I feel like I should be able to do something if I create an index array correctly, but I cannot think of a way to do this without using some kind of looping.

OK, after a lot of experiments with different types of indexing, I got this to work. Turns out, the answer was in Advanced Indexing. Unfortunately, PyTorch documentation doesn't go in the details of Advanced Indexing. Here is a link for it in the Numpy documentation.

For the problem described above, this command did the trick:

>>> k_lst = torch.zeros([4,4,5])
>>> k_lst[torch.arange(4).unsqueeze(1), torch.arange(4), inp_list[:,:,1]] = inp_list[:,:,0].float()
>>> k_lst
tensor([[[ 0.,  0.,  1.,  0.,  0.],
     [ 0.,  0.,  0.,  0.,  3.],
     [-1.,  0.,  0.,  0.,  0.],
     [ 0., 45.,  0.,  0.,  0.]],
    [[ 0.,  0.,  1.,  0.,  0.],
     [ 0.,  0.,  0.,  0.,  3.],
     [-1.,  0.,  0.,  0.,  0.],
     [ 0., 45.,  0.,  0.,  0.]],
    [[ 0.,  0.,  1.,  0.,  0.],
     [ 0.,  0.,  0.,  0.,  3.],
     [-1.,  0.,  0.,  0.,  0.],
     [ 0., 45.,  0.,  0.,  0.]],
    [[ 0.,  0.,  1.,  0.,  0.],
     [ 0.,  0.,  0.,  0.,  3.],
     [-1.,  0.,  0.,  0.,  0.],
     [ 0., 45.,  0.,  0.,  0.]]])

Which is exactly what I wanted.

I learned quite a few things searching for this, and I want to share this for anyone who stumbles on this question. So, why does this work? The answer lies in the way Broadcasting works. If you look at the shapes of the different index tensors involved, you'd see that they are (of necessity) broadcastable.

>>> torch.arange(4).unsqueeze(1).shape, torch.arange(4).shape, inp_list[:,:,1].shape
(torch.Size([4, 1]), torch.Size([4]), torch.Size([4, 4]))

Clearly, to access an element of a 3-D tensor such as k_lst here, we need 3 indexes - one for each dimension. If you give 3 tensors of same shapes to the [] operator, it can get a bunch of legal indexes by matching corresponding elements from the 3 tensors.

If the 3 tensors are of different shapes, but broadcastable (as is the case here), it copies the relevant rows/columns of the lacking tensors the requisite number of times to get tensors with the same shapes.

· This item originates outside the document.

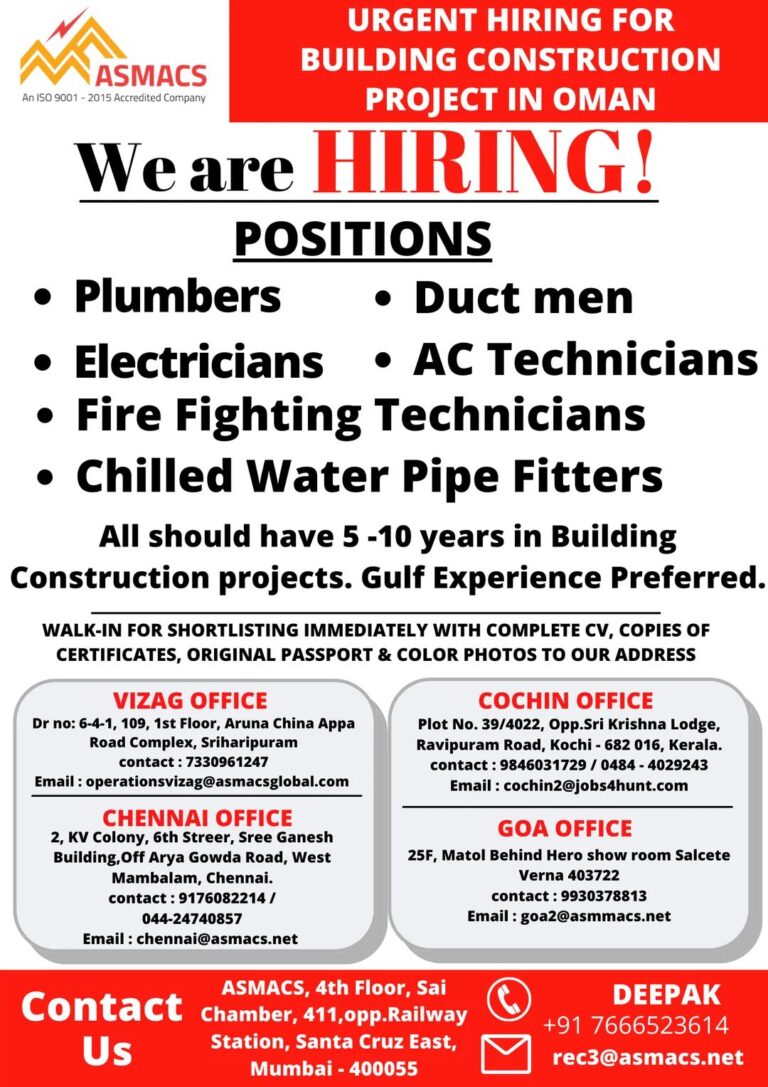 URGENT HIRING FOR MASMACSBUILDING CONSTRUCTIONPROJECT IN OMAN We are HIRING!POSITIONS • Plumbers • Duct men • Electricians • AC Technicians …

Ultimately, in my case, if we go into how the different values got assigned, this would be equivalent to doing

k_lst[0,0,inp_list[0,0,1]] = inp_list[0,0,0].float()
k_lst[0,1,inp_list[0,1,1]] = inp_list[0,1,0].float()
k_lst[0,2,inp_list[0,2,1]] = inp_list[0,2,0].float()
k_lst[0,3,inp_list[0,3,1]] = inp_list[0,3,0].float()
k_lst[1,0,inp_list[1,0,1]] = inp_list[1,0,0].float()
k_lst[1,1,inp_list[1,1,1]] = inp_list[1,1,0].float()
.
.
.
k_lst[3,3,inp_list[3,3,1]] = inp_list[3,3,0].float()

This format reminds me of torch.Tensor.scatter(), but if it can be used to solve this problem, I haven't figured out how yet.